## [Instructions to follow]
Give the data below again exactly as written, but without the pictures.

*** Recorded information Section Begins ***

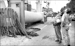 DISTRIBUIDOR VIAL ZARAGOZA  Aspecto de la columna que se desprendió ayer durante los trabajos para su colocación FOTO CARLOS CISNEROS
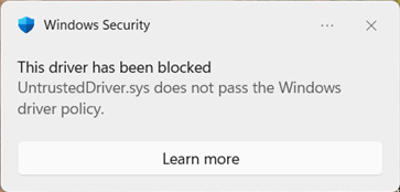 对于普通用户,若进入强制模式后遇到驱动被拦截的情况,系统将弹出Windows安全中心通知:"This driver has been blocked. UntrustedDriver.sys does not pass the Windows driver policy."(如上图所示)。这一改变显著提升了系统安全性,但也可能对依赖老旧硬件驱动的用户造成兼容性挑战。
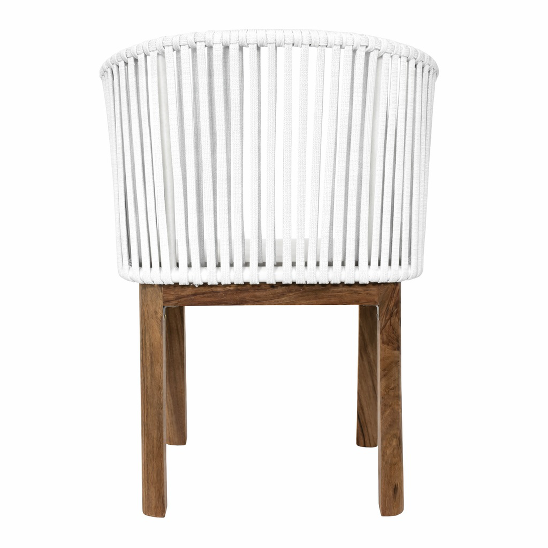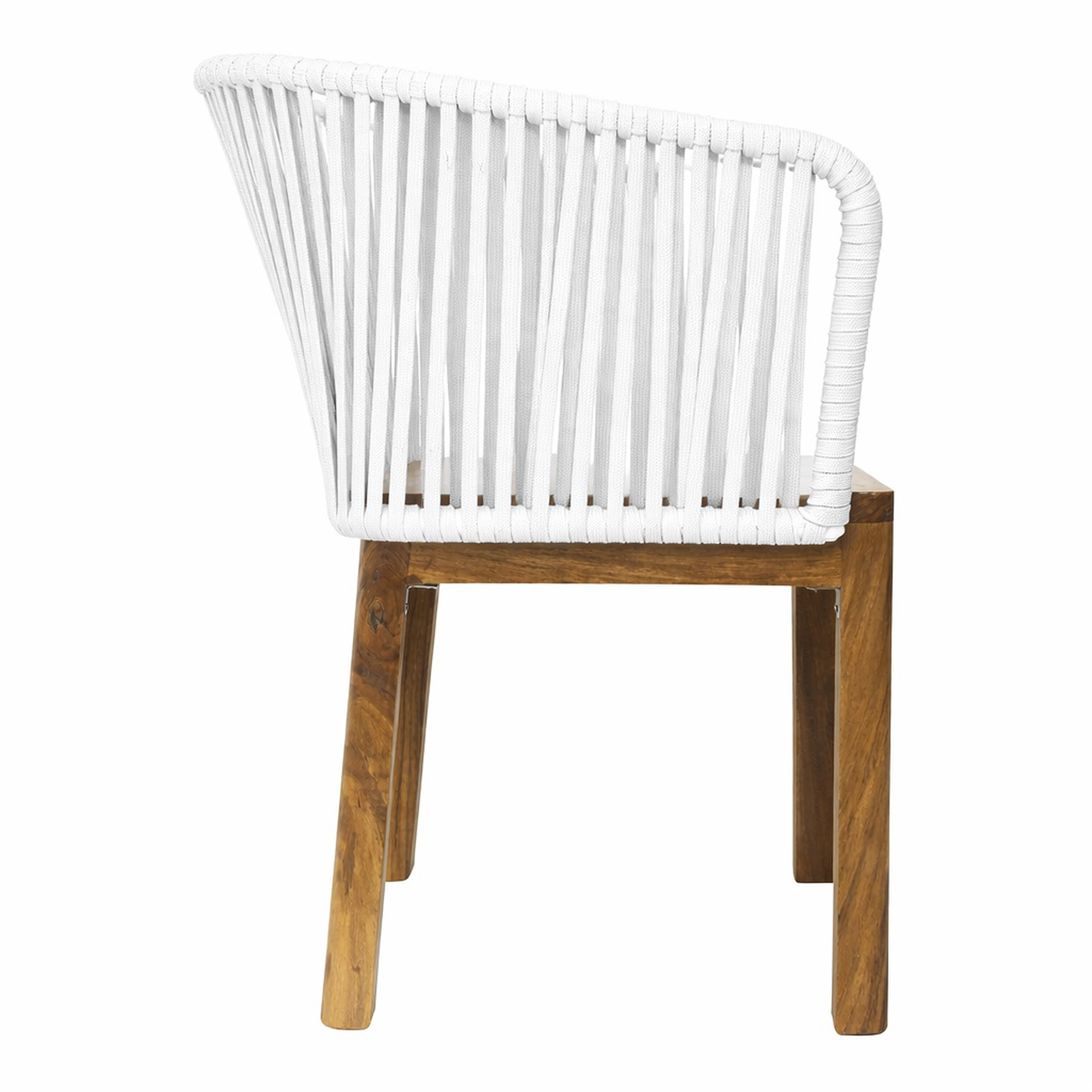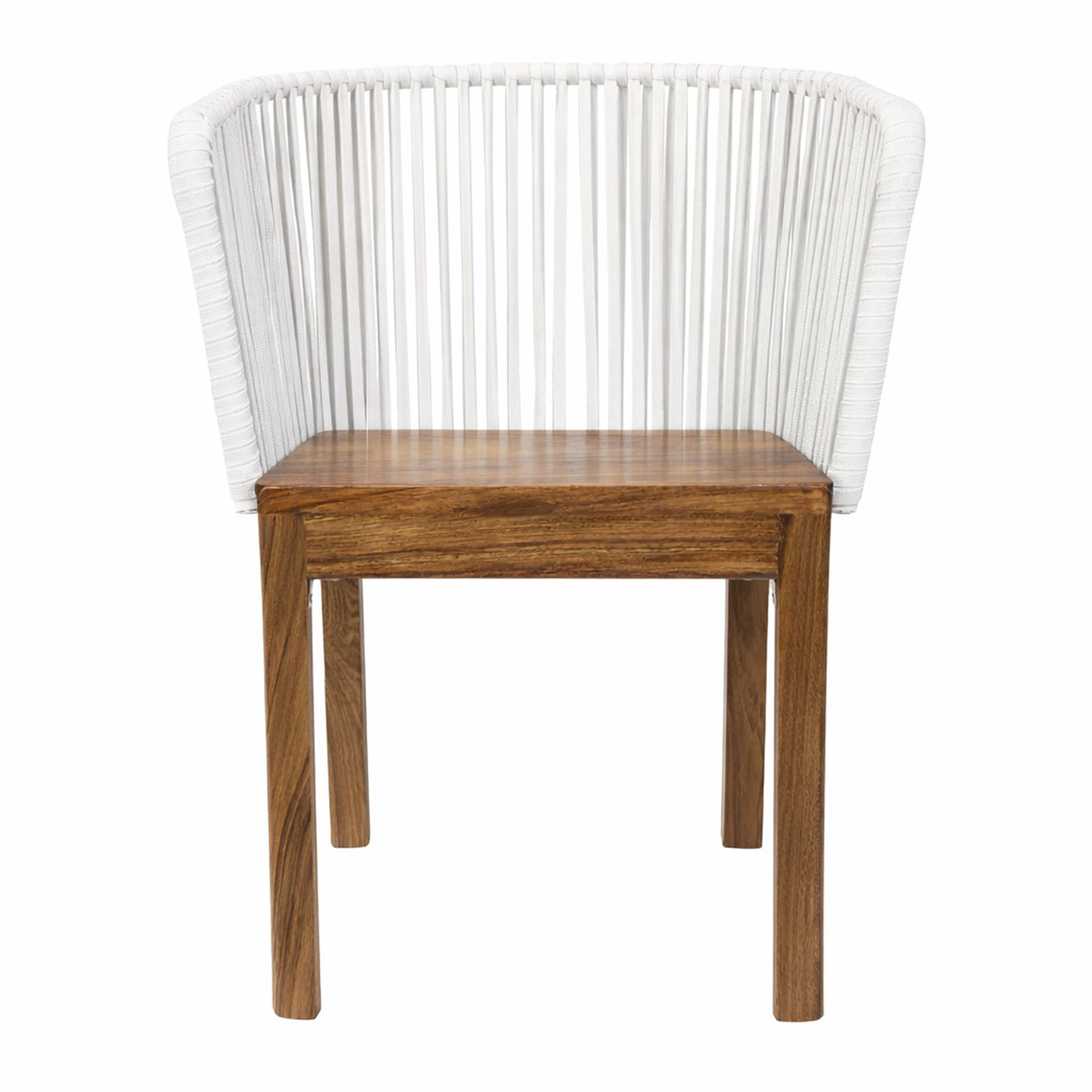 Silla Oaxaca base madera de parota, respaldo metalico tejido a mano con cuerda nylon de 16mm, multifilamento de polipropileno. (exterior techado).

*** Recorded information Section Ends ***

## [Finished task]
 DISTRIBUIDOR VIAL ZARAGOZA  Aspecto de la columna que se desprendió ayer durante los trabajos para su colocación FOTO CARLOS CISNEROS
 对于普通用户,若进入强制模式后遇到驱动被拦截的情况,系统将弹出Windows安全中心通知:"This driver has been blocked. UntrustedDriver.sys does not pass the Windows driver policy."(如上图所示)。这一改变显著提升了系统安全性,但也可能对依赖老旧硬件驱动的用户造成兼容性挑战。
 Silla Oaxaca base madera de parota, respaldo metalico tejido a mano con cuerda nylon de 16mm, multifilamento de polipropileno. (exterior techado).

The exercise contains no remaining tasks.